Do not use directly! Use Dataset.create(…) or Dataset.get(…) instead.


add_files#

add_files(path, wildcard=None, local_base_folder=None, dataset_path=None, recursive=True, verbose=False)

Add a folder into the current dataset. calculate file hash, and compare against parent, mark files to be uploaded

  • Parameters

    • path (Union [ str , Path , _Path ] ) – Add a folder/file to the dataset

    • wildcard (Optional [ Union [ str , Sequence [ str ] ] ] ) – add only specific set of files. Wildcard matching, can be a single string or a list of wildcards)

    • local_base_folder (Optional [ str ] ) – files will be located based on their relative path from local_base_folder

    • dataset_path (Optional [ str ] ) – where in the dataset the folder/files should be located

    • recursive (bool ) – If True match all wildcard files recursively

    • verbose (bool ) – If True print to console files added/modified

  • Return type

    ()

  • Returns

    number of files added


Dataset.create#

classmethod create(dataset_name=None, dataset_project=None, dataset_tags=None, parent_datasets=None, use_current_task=False)

Create a new dataset. Multiple dataset parents are supported. Merging of parent datasets is done based on the order, where each one can override overlapping files in the previous parent

  • Parameters

    • dataset_name (Optional[str]) – Naming the new dataset

    • dataset_project (Optional[str]) – Project containing the dataset. If not specified, infer project name form parent datasets

    • dataset_tags (Optional[Sequence[str]]) – Optional, list of tags (strings) to attach to the newly created Dataset

    • parent_datasets (Optional[Sequence[Union[str, Dataset]]]) – Expand a parent dataset by adding/removing files

    • use_current_task (bool) – False (default), a new Dataset task is created. If True, the dataset is created on the current Task.

  • Return type

    ForwardRef

  • Returns

    Newly created Dataset object


Dataset.delete#

classmethod delete(dataset_id=None, dataset_project=None, dataset_name=None, force=False)

Delete a dataset, raise exception if dataset is used by other dataset versions. Use force=True to forcefully delete the dataset

  • Parameters

    • dataset_id (Optional [ str ] ) – Dataset id to delete

    • dataset_project (Optional [ str ] ) – Project containing the dataset

    • dataset_name (Optional [ str ] ) – Naming the new dataset

    • force (bool ) – If True delete even if other datasets depend on the specified dataset version

  • Return type

    ()


file_entries_dict#

property file_entries_dict

Notice this call returns an internal representation, do not modify! :rtype: Mapping[str, FileEntry] :return: dict with relative file path as key, and FileEntry as value


finalize#

finalize(verbose=False, raise_on_error=True)

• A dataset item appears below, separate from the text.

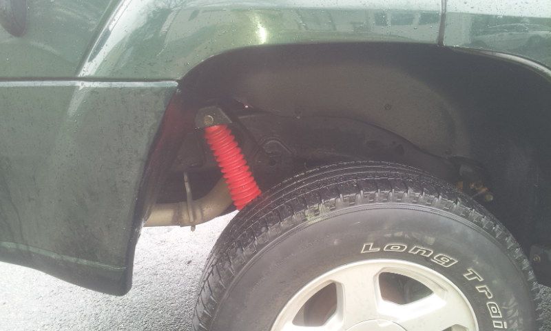 After 4 junk yards we finally found a couple Trailblazers 2 cities over. Got a new fender for $48 bucks. Would'be been $40 if we had taken the smashed one in, but I didn't want it taken off until a new one went on. Looks like trail damage after all. ;)
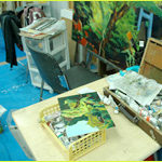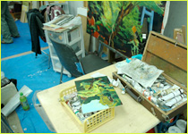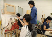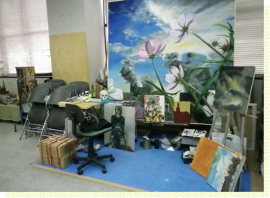 絵画研究室では桶田洋明先生指導の元、油彩、水彩、アクリル、テンペラ、日本画、フレスコなど様々な画材・画法を取り入れながら日々制作に努めています。先輩方からアドバイスを頂いたり、友人同士で批評しあうことで常に新たな発見があり、自分自身の成長に大きく繋がっています。担当教員:桶田 洋明

Finalize the dataset publish dataset Task. upload must first called to verify there are not pending uploads. If files do need to be uploaded, it throws an exception (or return False)

  • Parameters

    • verbose (bool) – If True print verbose progress report

    • raise_on_error (bool) – If True raise exception if dataset finalizing failed

  • Return type

    bool


Dataset.get#

classmethod get(dataset_id=None, dataset_project=None, dataset_name=None, dataset_tags=None, only_completed=False, only_published=False)

Get a specific Dataset. If only dataset_project is given, return the last Dataset in the Dataset project

  • Parameters

    • dataset_id (Optional[str]) – Requested Dataset ID

    • dataset_project (Optional[str]) – Requested Dataset project name

    • dataset_name (Optional[str]) – Requested Dataset name

    • dataset_tags (Optional[Sequence[str]]) – Requested Dataset tags (list of tag strings)

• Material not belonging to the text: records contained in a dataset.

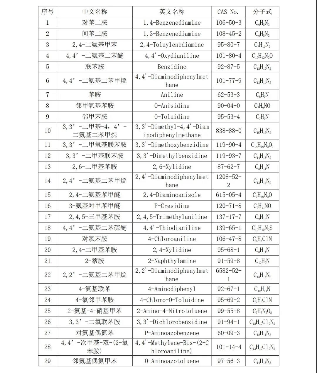 標(biāo)準(zhǔn)規(guī)定了食品接觸材料及制品中29種芳香族伯胺遷移量的測定方法。下圖為29種芳香族伯胺的名稱、CAS號以及分子式。
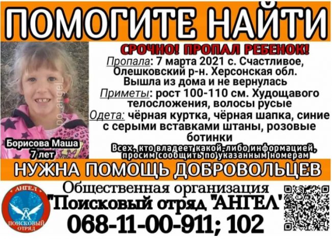 В Херсонской области третий день разыскивают пропавшую без вести 7-летнюю Марию Борисову.
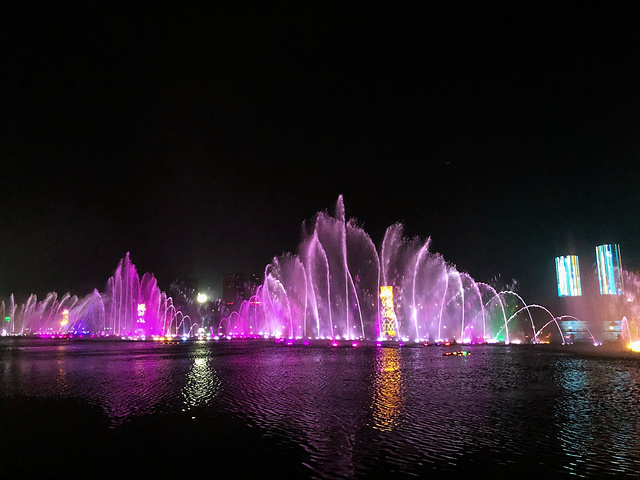 喷泉每隔一首歌喷一次,直到对岸大楼的显示屏关闭,喷泉表演也就结束了。整个过程就像一幅流动的画卷一样,随着歌曲的悠扬婉转跌宕起伏,喷泉也会做出各种不同的变化,加上百变的光影效果,使得整个表演气势磅礴美轮美奂,给人带来视觉、听觉的双重享受。

    • only_completed (bool) – Return only if the requested dataset is completed or published

    • only_published (bool) – Return only if the requested dataset is published

  • Return type

    ForwardRef

  • Returns

    Dataset object


get_default_storage#

get_default_storage()

Return the default storage location of the dataset

  • Return type

    Optional[str]

  • Returns

    URL for the default storage location


get_dependency_graph#

get_dependency_graph()

return the DAG of the dataset dependencies (all previous dataset version and their parents)

Example:

{
'current_dataset_id': ['parent_1_id', 'parent_2_id'],
'parent_2_id': ['parent_1_id'],
'parent_1_id': [],
}
  • Returns

    dict representing the genealogy dag graph of the current dataset


get_local_copy#

get_local_copy(use_soft_links=None, part=None, num_parts=None, raise_on_error=True)

return a base folder with a read-only (immutable) local copy of the entire dataset

download and copy / soft-link, files from all the parent dataset versions
  • Parameters

    • use_soft_links (Optional[bool]) – If True use soft links, default False on windows True on Posix systems

    • part (Optional[int]) – Optional, if provided only download the selected part (index) of the Dataset. First part number is 0 and last part is num_parts-1 Notice, if num_parts is not provided, number of parts will be equal to the total number of chunks (i.e. sum over all chunks from the specified Dataset including all parent Datasets). This argument is passed to parent datasets, as well as the implicit num_parts, allowing users to get a partial copy of the entire dataset, for multi node/step processing.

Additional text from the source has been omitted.